**DATA SHOWN**
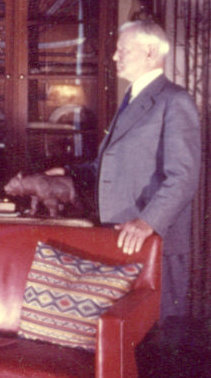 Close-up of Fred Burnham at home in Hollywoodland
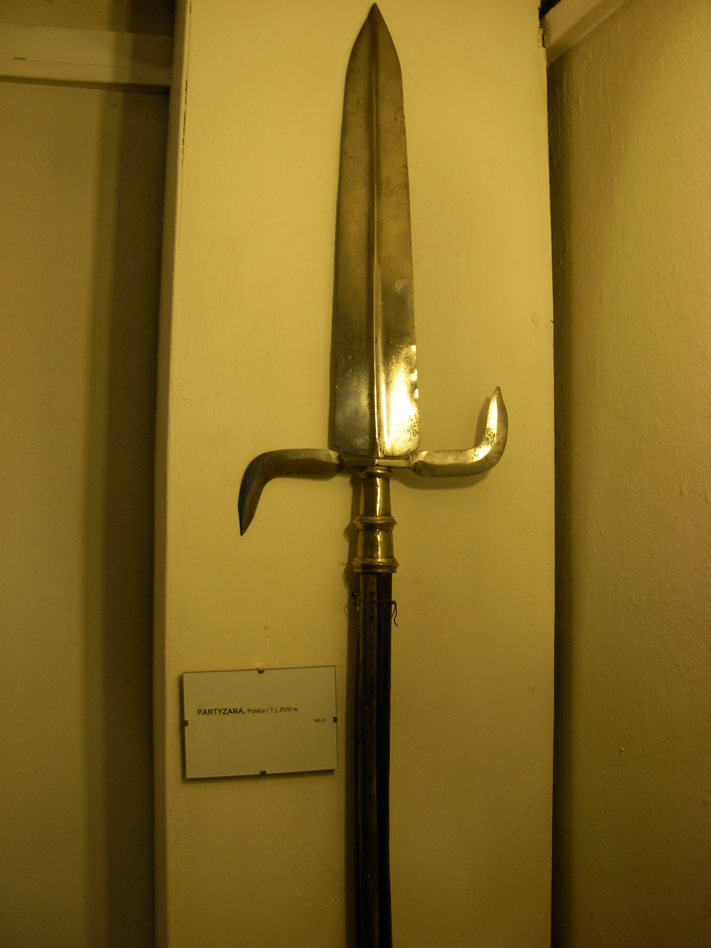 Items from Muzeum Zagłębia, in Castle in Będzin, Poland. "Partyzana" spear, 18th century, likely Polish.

...

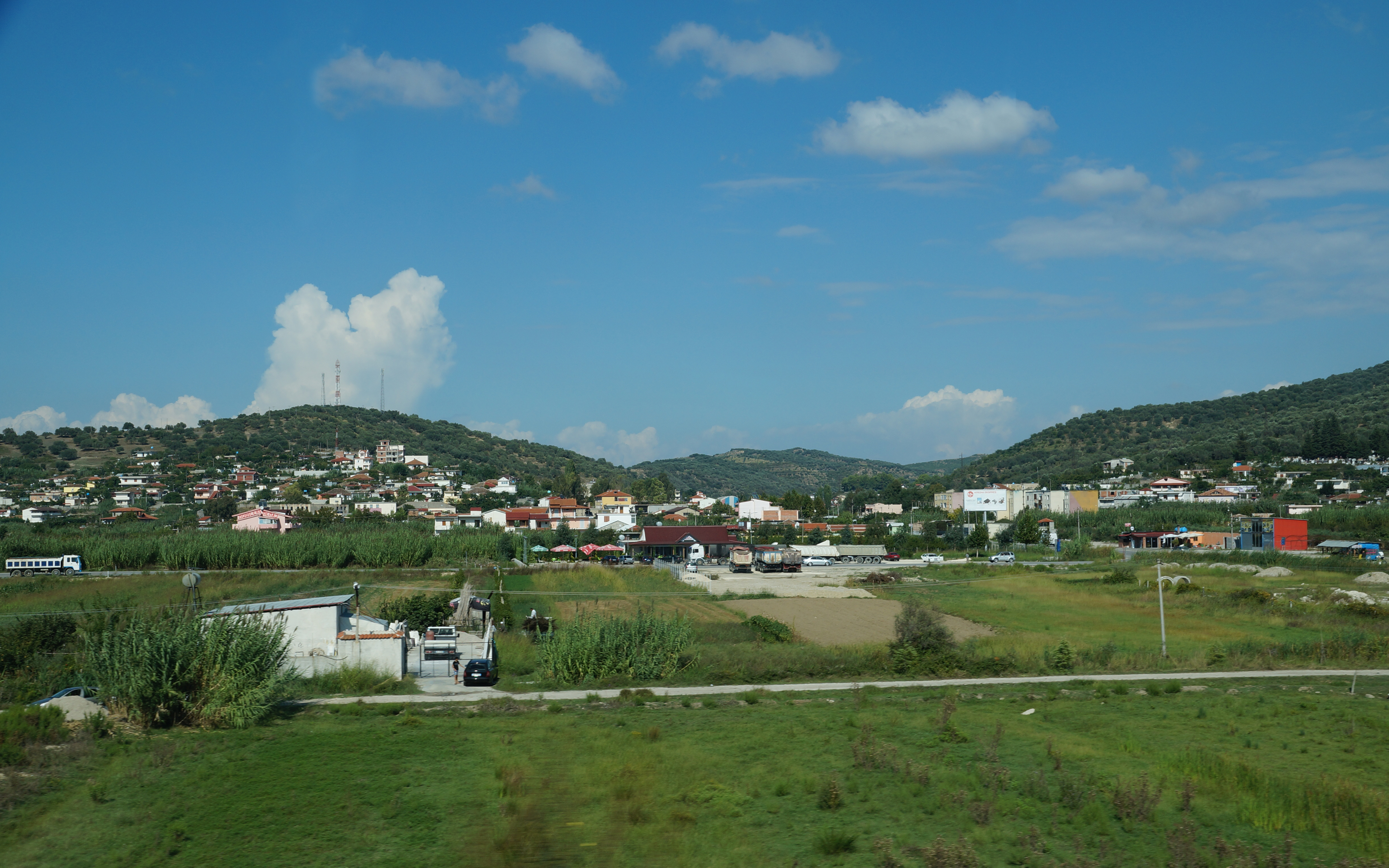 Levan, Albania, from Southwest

* * *

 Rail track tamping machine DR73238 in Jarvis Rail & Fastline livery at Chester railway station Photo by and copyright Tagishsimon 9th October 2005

**EXERCISE PROMPT**
Above this task is a listing with pictures in it. Retype only the lines from the one containing "Close-up of Fred" through the one containing "Items from Muzeum", both included, and not the pictures.

**RESULT FOR THIS EXERCISE**
 Close-up of Fred Burnham at home in Hollywoodland
 Items from Muzeum Zagłębia, in Castle in Będzin, Poland. "Partyzana" spear, 18th century, likely Polish.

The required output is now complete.